Each resctrl directory has one CLOSid allocated which is mapped to a
control register/QOS_MSR. During an rmdir this CLOSid is freed and can
be reused later when a new directory is created. Currently we do not
reset the QOS_MSR to a default when the CLOSid is freed. So when the
next mkdir uses a freed CLOSid, the new directory is associated with a
stale QOS_MSR.

Fix this issue by writing a default value to the QOS_MSR when the
associated CLOSid is freed. The default value is all 1s for CBM which
means no control is enforced when a mkdir reuses this CLOSid.
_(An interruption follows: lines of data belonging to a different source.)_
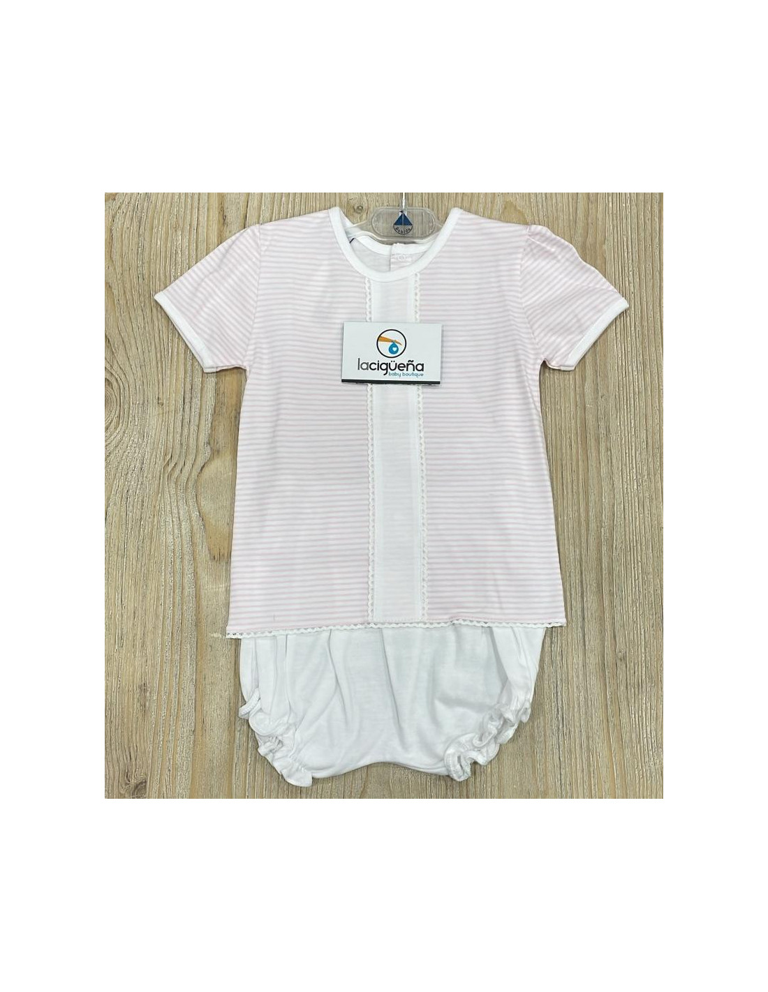 CAMISETA MANGA CORTA+RANITA RAYITAS BLANCO ROSA BABIDU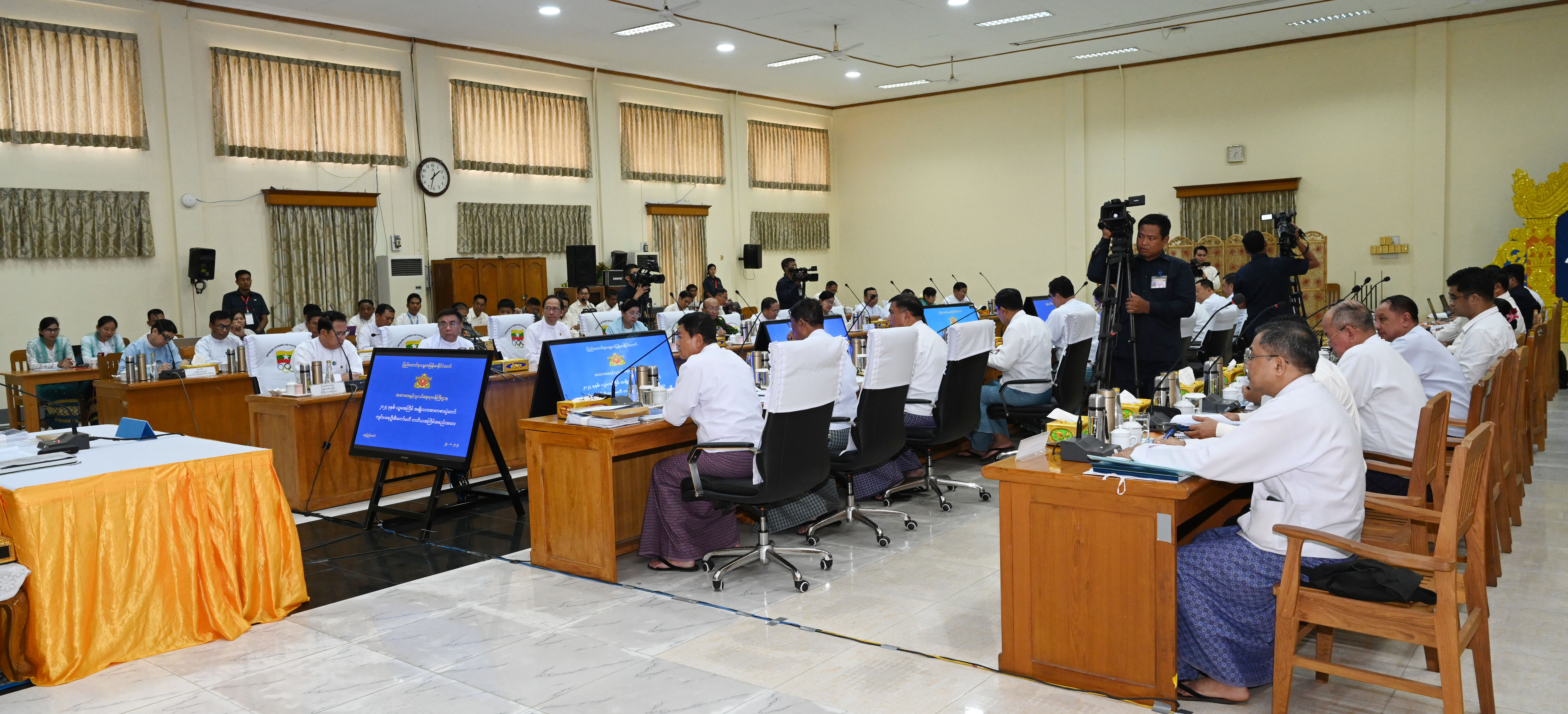 ယင်းနောက် ကျင်းပရေးကော်မတီဝင်များ ဖြစ်ကြသည့် ပြည်ထောင်စုဝန်ကြီးများ၊ ပြည်ထောင်စုစာရင်းစစ်ချုပ်၊ ဒုတိယဝန်ကြီးနှင့် နေပြည်တော်ကောင်စီဝင်တို့က ပဉ္စမအကြိမ် အမျိုးသားအားကစားပွဲတော် ဖွင့်ပွဲ/ ပိတ်ပွဲ အခမ်းအနားများကို ခေတ်ကာလနှင့်လျော်ညီစွာ နိုင်ငံတော်အဆင့် ခမ်းနားထည်ဝါစွာ ကျင်းပနိုင်ရေးအတွက် ဆောင်ရွက်သွားမည့် အစီအစဉ် လျာထားချက်များနှင့် သက်ဆိုင်ရာကဏ္ဍအလိုက် ပြင်ဆင်ဆောင်ရွက်ထားရှိမှု အခြေအနေများကို ရှင်းလင်းတင်ပြကြသည်။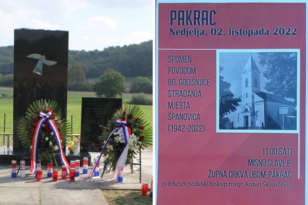 Istoga dana, 2. listopada obilježit će se i tužna 80. godišnjica stradanja mjesta Španovica (1942. – 2022.). Tim će povodom požeški biskup msgr. dr. Antun Škvorčević u 11:00h predvoditi misno slavlje u župnoj crkvi Uznesenja BDM u Pakracu.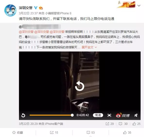 “舉報(bào)啊舉報(bào)啊?。?!大巴車三次差點(diǎn)出車禍!司機(jī)一路搖頭晃腦摸鼻子?。。?!”3月22日晚,深圳交警在微博上接到網(wǎng)友舉報(bào)。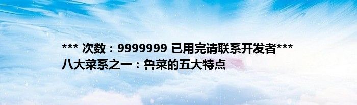 本文*** 次数:9999999 已用完请联系开发者*** 八大菜系之一:鲁菜的五大特点到此分享完毕,希望对大家有所帮助。

Signed-off-by: Vikas Shivappa <[email protected]>
---
arch/x86/kernel/cpu/intel_rdt_rdtgroup.c | 18 +++++++++++++-----
1 file changed, 13 insertions(+), 5 deletions(-)

diff --git a/arch/x86/kernel/cpu/intel_rdt_rdtgroup.c b/arch/x86/kernel/cpu/intel_rdt_rdtgroup.c
index 9ac2a5c..77e88c0 100644
--- a/arch/x86/kernel/cpu/intel_rdt_rdtgroup.c
+++ b/arch/x86/kernel/cpu/intel_rdt_rdtgroup.c
@@ -780,7 +780,7 @@ static struct dentry *rdt_mount(struct file_system_type *fs_type,
return dentry;
}

-static int reset_all_cbms(struct rdt_resource *r)
+static int reset_all_ctrls(struct rdt_resource *r, u32 closid, u32 count)
{
struct msr_param msr_param;
cpumask_var_t cpu_mask;
@@ -791,8 +791,8 @@ static int reset_all_cbms(struct rdt_resource *r)
return -ENOMEM;

msr_param.res = r;
- msr_param.low = 0;
- msr_param.high = r->num_closid;
+ msr_param.low = closid;
+ msr_param.high = closid + count;

/*
* Disable resource control for this resource by setting all
@@ -802,7 +802,7 @@ static int reset_all_cbms(struct rdt_resource *r)
list_for_each_entry(d, &r->domains, list) {
cpumask_set_cpu(cpumask_any(&d->cpu_mask), cpu_mask);

- for (i = 0; i < r->num_closid; i++)
+ for (i = closid; i < closid + count; i++)
d->cbm[i] = r->max_cbm;
}
cpu = get_cpu();
@@ -896,7 +896,7 @@ static void rdt_kill_sb(struct super_block *sb)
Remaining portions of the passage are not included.